February 2, 2012

MediaWiki spam is such a headache

MediaWiki, like any other popular software product (that accepts user input), has become a massive target for spam. Now I’m not talking about vandals running around on Wikipedia trying to convince you that African Elephant population has tripled in 6 months. I’m talking about plain old spammers. Just like email spammers and comment spammers on blogs. These automated bots run around and slam small wikis with all sorts of dumb advertisements… and they drive me nuts.

Why is Wiki spam so much worse to me than other types of spam? Well, first off I run a lot of wikis (

Snowulf, Au RCC 2010, RCC 2010, RecentChangesCamp, WestCoastWikiCon 2011, IPv6Wiki to name a few). Every wiki that I run is an open door for spammers who could potentially get my server marked as a spam zone, thereby hurting other sites (like this one). Mostly I hate MediaWiki spam because it is such a slow process to deal with.

When I get comment spam here at the blog (and I do get a fair bit) that makes it through the spam filter, I just click the trash button and it’s all gone. With Wikis there is a lot more clean up work. More importantly, WordPress has the most amazing plugin/service called Akismet. It catches probably 99% of the spam comments to the blog. It’s like SpamAssassin for blog commentary (actually it’s better, since SpamAssassin is actually fairly limited).

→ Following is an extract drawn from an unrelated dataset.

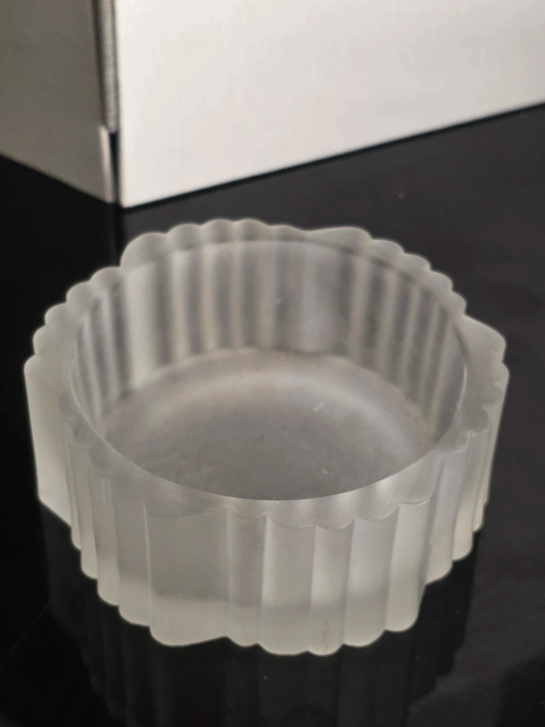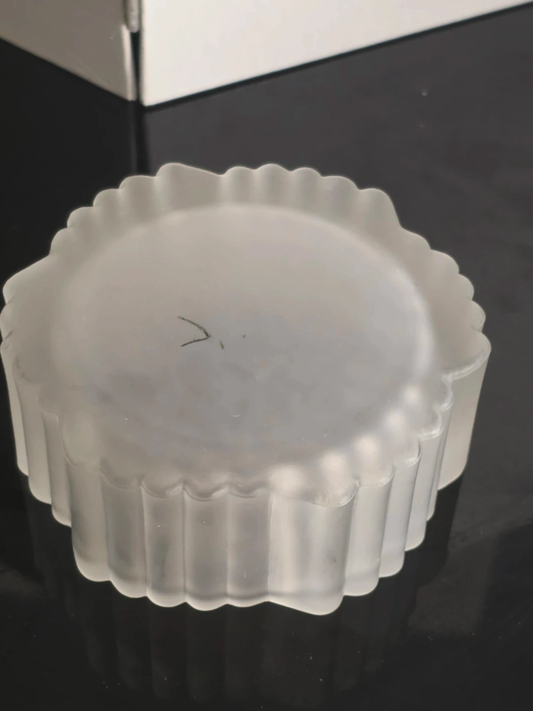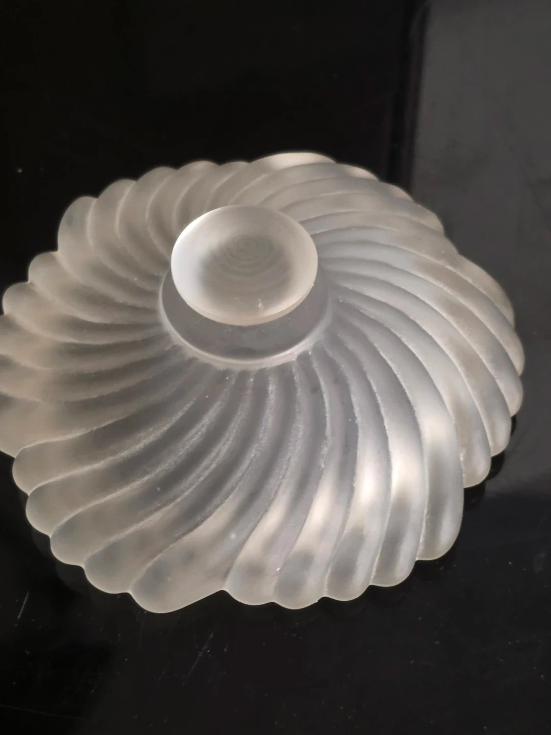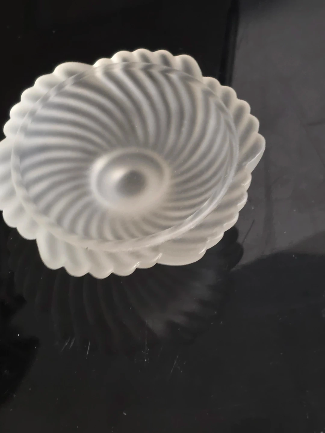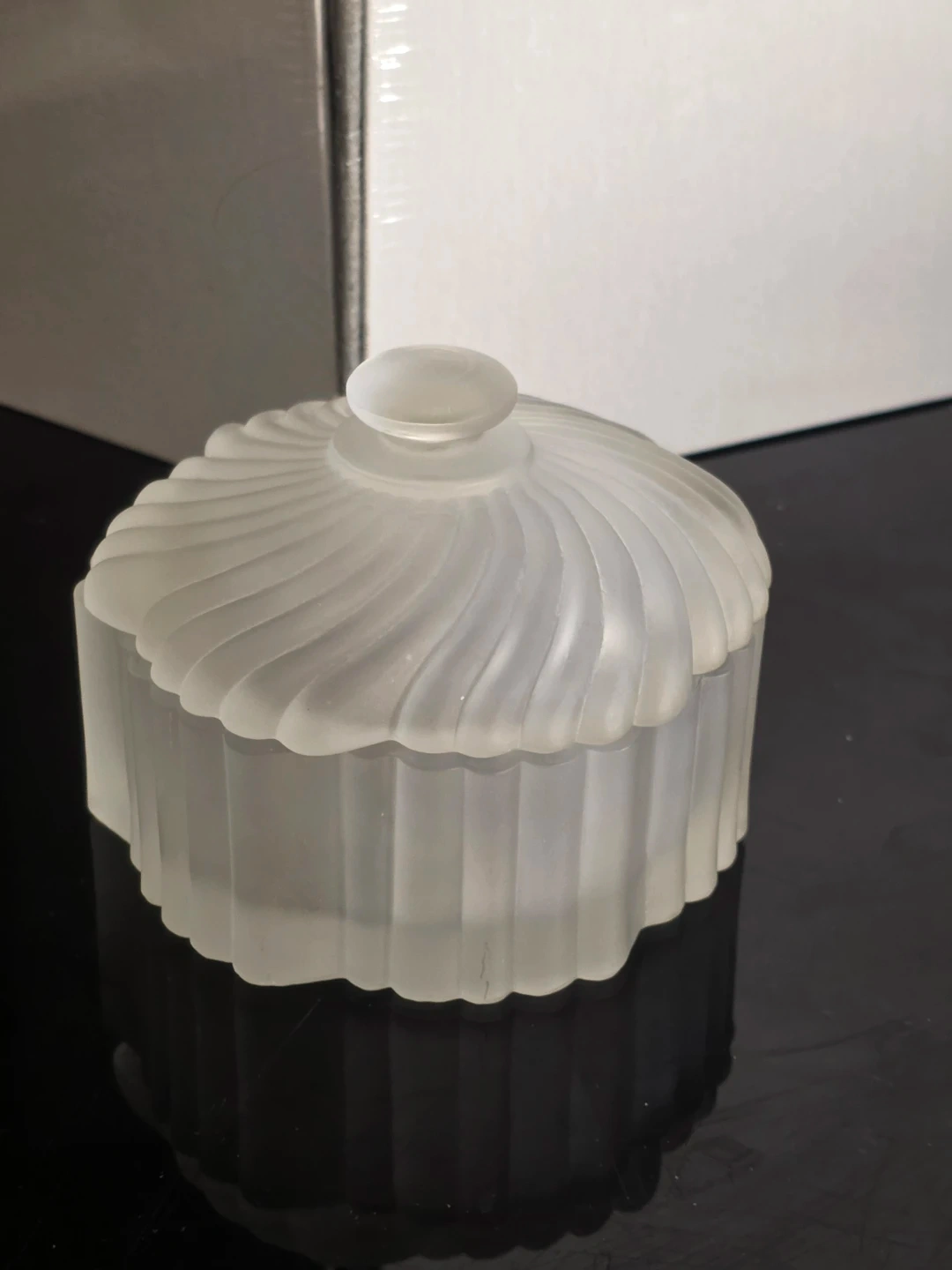 The item is made of frosted or satin glass with a distinct swirled or wave pattern on the lid and a scalloped edge on the base.

Combatting spam, the hard way
I spend way more of my Wiki administration time fighting spam, than I do actually getting fun things done. As with any other game of cat-and-mouse, so much time is spent trying to outwit the spammers. At one point in time simply requiring a user to verify their email address before editing was enough to stop all automated spammers. Now there are pages devoted to the topic of combating spam on MediaWiki. Wikipedia has a fairly good system but most of them are user powered (like AbuseFilter) and require constant (manual) adjustment/update.

What I’d love, is for someone to make an Akismet for Wikis. The bots that hit all my wikis are the same bots that run all around the web. They post the same type of comment and the same shitty pictures everywhere they go. The plugin needs to allow administrators to mark an edit as spam, report that back to a central server, and deal with the edit. Additionally each edit would be checked against some sort of central database (much like how Akismet works). You could even check images in a similar method, but using a SHA1/256/512 hash of the image contents. I assure you that I’ve been hit hard by the image spammers and at least 75% of their images (uploaded to one wiki) are identical.

Wikimedia, Wikia, and the big farms have people who are devoted to the spam problem, but us little guys don’t. We need something that is WordPress simple for dealing with the problem. It can be an optional extension (which those who are privacy concerned would opt out of), but we need something easier than constantly updating AbuseFilters and AntiBot extensions.